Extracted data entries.
==================================================

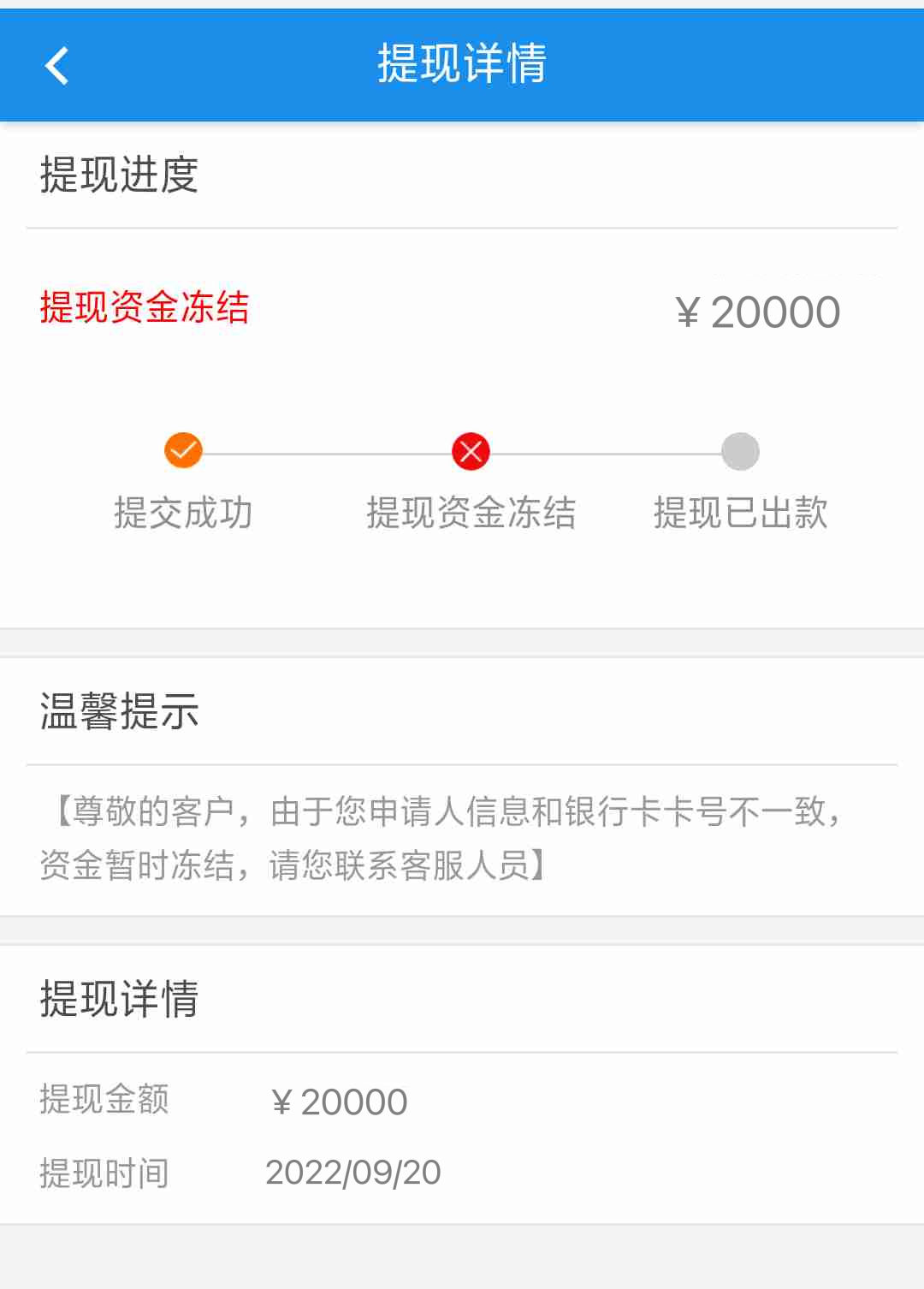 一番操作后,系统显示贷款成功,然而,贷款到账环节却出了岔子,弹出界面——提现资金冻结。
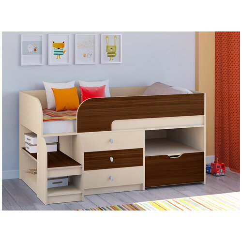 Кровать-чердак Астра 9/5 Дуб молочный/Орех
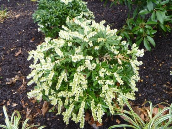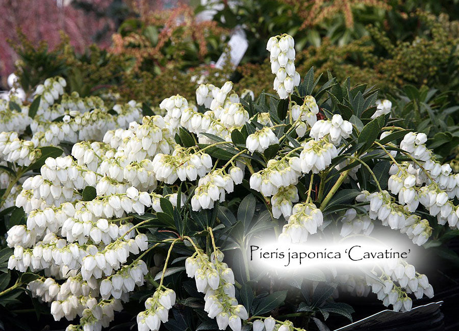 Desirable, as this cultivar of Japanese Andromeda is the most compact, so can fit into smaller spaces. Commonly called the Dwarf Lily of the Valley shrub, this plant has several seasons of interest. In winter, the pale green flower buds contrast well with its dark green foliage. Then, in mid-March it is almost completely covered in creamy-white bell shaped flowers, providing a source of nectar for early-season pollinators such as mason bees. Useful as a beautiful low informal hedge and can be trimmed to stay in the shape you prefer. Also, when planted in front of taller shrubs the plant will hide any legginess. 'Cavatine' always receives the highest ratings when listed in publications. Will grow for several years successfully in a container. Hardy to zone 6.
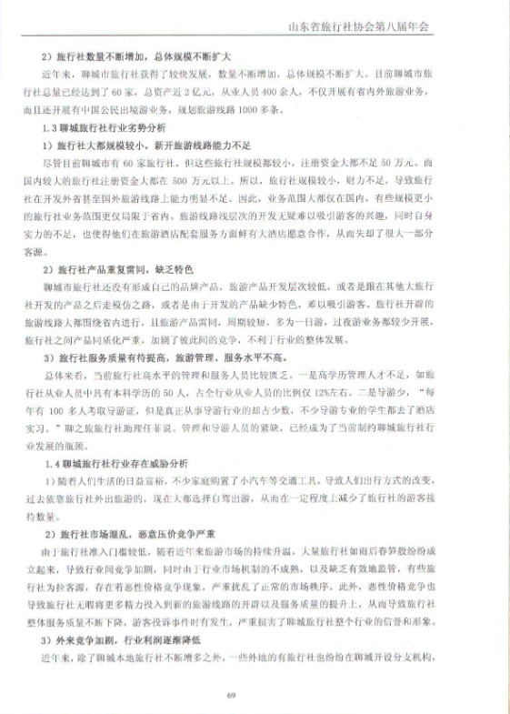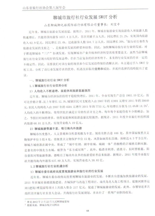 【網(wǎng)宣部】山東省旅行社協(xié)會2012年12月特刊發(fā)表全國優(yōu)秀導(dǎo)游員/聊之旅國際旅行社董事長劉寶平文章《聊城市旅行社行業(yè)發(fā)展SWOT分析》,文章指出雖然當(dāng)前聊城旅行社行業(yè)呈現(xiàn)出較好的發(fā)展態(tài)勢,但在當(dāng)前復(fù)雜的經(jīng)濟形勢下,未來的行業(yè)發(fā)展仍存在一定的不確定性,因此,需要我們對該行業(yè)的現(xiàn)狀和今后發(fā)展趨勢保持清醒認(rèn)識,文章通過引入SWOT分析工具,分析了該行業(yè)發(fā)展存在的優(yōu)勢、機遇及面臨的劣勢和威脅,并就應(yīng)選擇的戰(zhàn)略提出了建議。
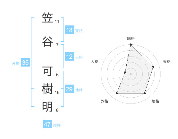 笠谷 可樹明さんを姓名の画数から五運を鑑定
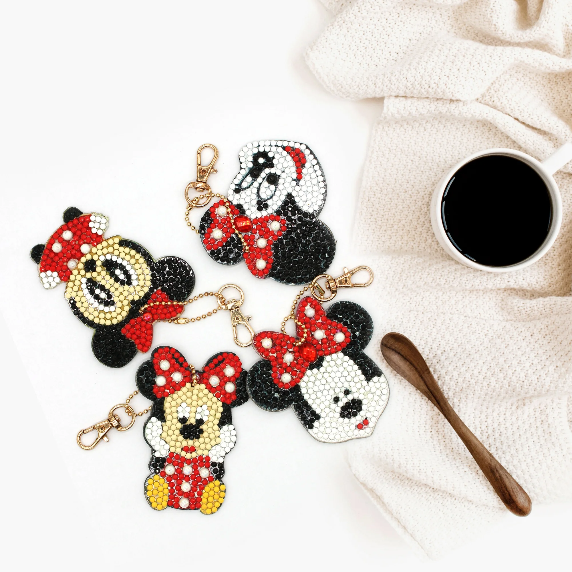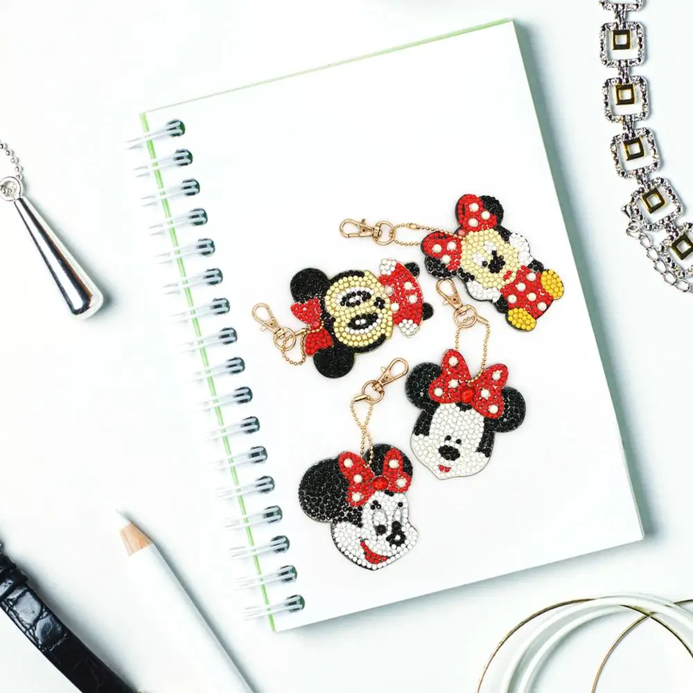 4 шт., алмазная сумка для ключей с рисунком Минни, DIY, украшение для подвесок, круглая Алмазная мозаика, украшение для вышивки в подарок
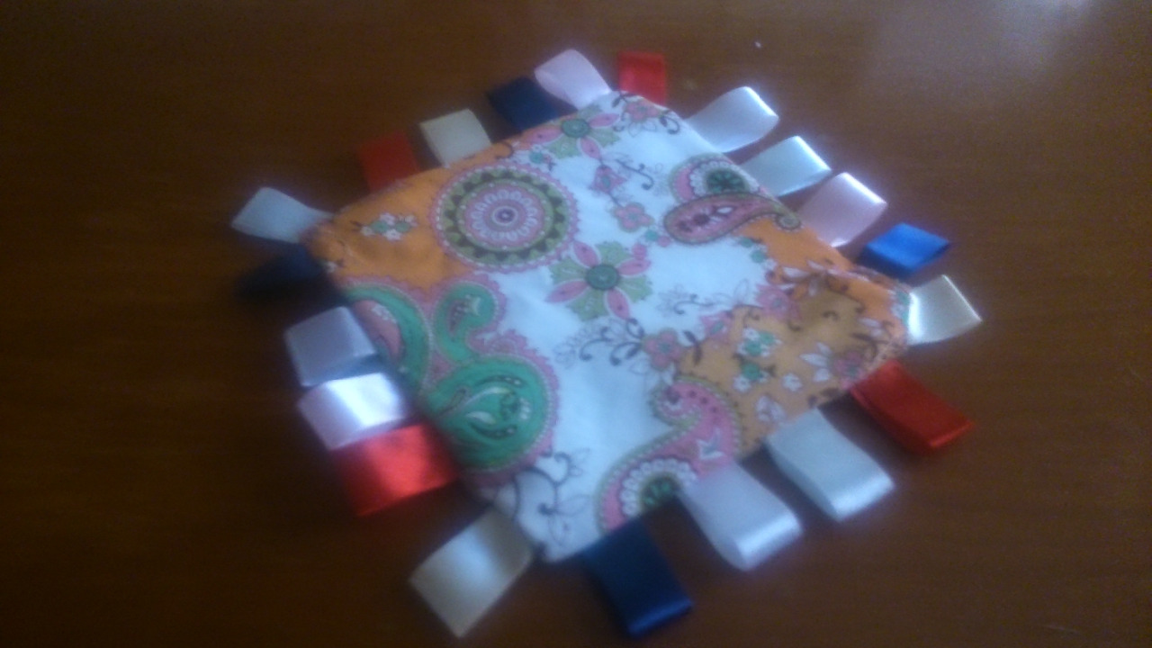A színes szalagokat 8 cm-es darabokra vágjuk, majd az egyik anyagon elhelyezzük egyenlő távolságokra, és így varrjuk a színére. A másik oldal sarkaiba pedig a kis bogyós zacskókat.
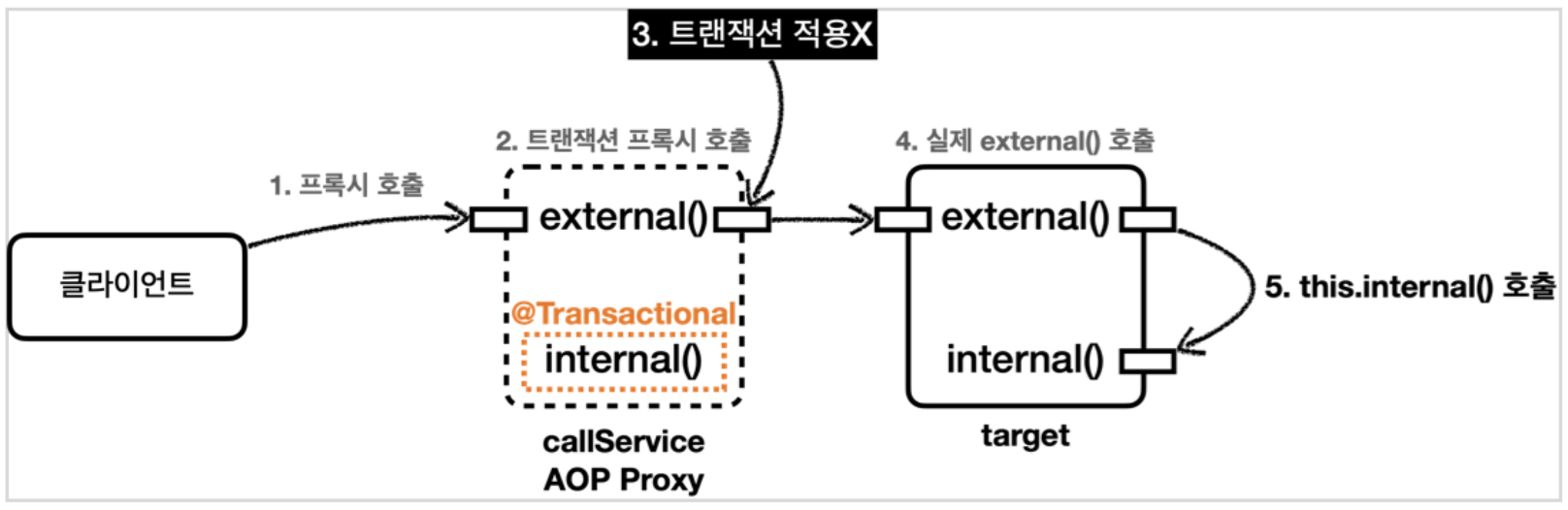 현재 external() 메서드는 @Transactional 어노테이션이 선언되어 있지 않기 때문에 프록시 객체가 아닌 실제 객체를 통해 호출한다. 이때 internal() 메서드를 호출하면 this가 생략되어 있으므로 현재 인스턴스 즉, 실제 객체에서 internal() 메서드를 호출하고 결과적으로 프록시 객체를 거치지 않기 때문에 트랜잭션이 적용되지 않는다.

==================================================

What to do.
The reply is to be all the records above, transcribed exactly, with no pictures.

Your solution.
 一番操作后,系统显示贷款成功,然而,贷款到账环节却出了岔子,弹出界面——提现资金冻结。
 Кровать-чердак Астра 9/5 Дуб молочный/Орех
 Desirable, as this cultivar of Japanese Andromeda is the most compact, so can fit into smaller spaces. Commonly called the Dwarf Lily of the Valley shrub, this plant has several seasons of interest. In winter, the pale green flower buds contrast well with its dark green foliage. Then, in mid-March it is almost completely covered in creamy-white bell shaped flowers, providing a source of nectar for early-season pollinators such as mason bees. Useful as a beautiful low informal hedge and can be trimmed to stay in the shape you prefer. Also, when planted in front of taller shrubs the plant will hide any legginess. 'Cavatine' always receives the highest ratings when listed in publications. Will grow for several years successfully in a container. Hardy to zone 6.
 【網(wǎng)宣部】山東省旅行社協(xié)會2012年12月特刊發(fā)表全國優(yōu)秀導(dǎo)游員/聊之旅國際旅行社董事長劉寶平文章《聊城市旅行社行業(yè)發(fā)展SWOT分析》,文章指出雖然當(dāng)前聊城旅行社行業(yè)呈現(xiàn)出較好的發(fā)展態(tài)勢,但在當(dāng)前復(fù)雜的經(jīng)濟形勢下,未來的行業(yè)發(fā)展仍存在一定的不確定性,因此,需要我們對該行業(yè)的現(xiàn)狀和今后發(fā)展趨勢保持清醒認(rèn)識,文章通過引入SWOT分析工具,分析了該行業(yè)發(fā)展存在的優(yōu)勢、機遇及面臨的劣勢和威脅,并就應(yīng)選擇的戰(zhàn)略提出了建議。
 笠谷 可樹明さんを姓名の画数から五運を鑑定
 4 шт., алмазная сумка для ключей с рисунком Минни, DIY, украшение для подвесок, круглая Алмазная мозаика, украшение для вышивки в подарок
A színes szalagokat 8 cm-es darabokra vágjuk, majd az egyik anyagon elhelyezzük egyenlő távolságokra, és így varrjuk a színére. A másik oldal sarkaiba pedig a kis bogyós zacskókat.
 현재 external() 메서드는 @Transactional 어노테이션이 선언되어 있지 않기 때문에 프록시 객체가 아닌 실제 객체를 통해 호출한다. 이때 internal() 메서드를 호출하면 this가 생략되어 있으므로 현재 인스턴스 즉, 실제 객체에서 internal() 메서드를 호출하고 결과적으로 프록시 객체를 거치지 않기 때문에 트랜잭션이 적용되지 않는다.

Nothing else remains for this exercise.